The viability of the public policy defense against the enforcement of a foreign judgment has been
recognized in this jurisdiction. This defense allows for the application of local standards in reviewing the
foreign judgment, especially when such judgment creates only a presumptive right, as it does in cases
wherein the judgment is against a person. The defense is also recognized within the international sphere,
as many civil law nations adhere to a broad public policy exception which may result in a denial of
recognition when the foreign court, in the light of the choice-of-law rules of the recognizing court, applied
the wrong law to the case. The public policy defense can safeguard against possible abuses to the easy
resort to offshore litigation if it can be demonstrated that the original claim is noxious to our constitutional
values.
There is no obligatory rule derived from treaties or conventions that requires the Philippines to
recognize foreign judgments, or allow a procedure for the enforcement thereof. However, generally
accepted principles of international law, by virtue of the incorporation clause of the Constitution, form part
of the laws of the land even if they do not derive from treaty obligations. The classical formulation in
international law sees those customary rules accepted as binding result from the combination two
elements: the established, widespread, and consistent practice on the part of States; and a psychological
element known as the opinion juris sive necessitates (opinion as to law or necessity). Implicit in the latter
element is a belief that the practice in question is rendered obligatory by the existence of a rule of law
requiring it. It bears noting that Section 48, Rule 39 acknowledges that the Final Judgment is not
conclusive yet, but presumptive evidence of a right of the petitioners against the Marcos Estate.
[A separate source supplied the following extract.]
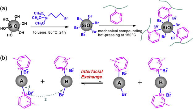 N transalkylation of pyridinium by model studies and implant this chemistry into the interfaces of an elastomeric composite. As a proof of concept, (3-bromopropyl)trimethoxysilane modified silica was used to crosslink butadiene-styrene-vinylpyridine rubber, forming pyridiniums in the interfaces. The composites were prepared by straightforward mechanical compounding and subsequent hot-pressing. Because of the covalent interfacial bridges and excellent dispersion of silica, the composites possess robust mechanical properties. Furthermore, the C

Moreover, the Marcos Estate is not precluded to present evidence, if any, of want of jurisdiction, want of
notice to the party, collusion, fraud, or clear mistake of law or fact. This ruling, decisive as it is on the
question of filing fees and no other, does not render verdict on the enforceability of the Final
Judgment before the courts under the jurisdiction of the Philippines, or for that matter any other issue
which may legitimately be presented before the trial court. Such issues are to be litigated before the trial
court, but within the confines of the matters for proof as laid down in Section 48, Rule 39.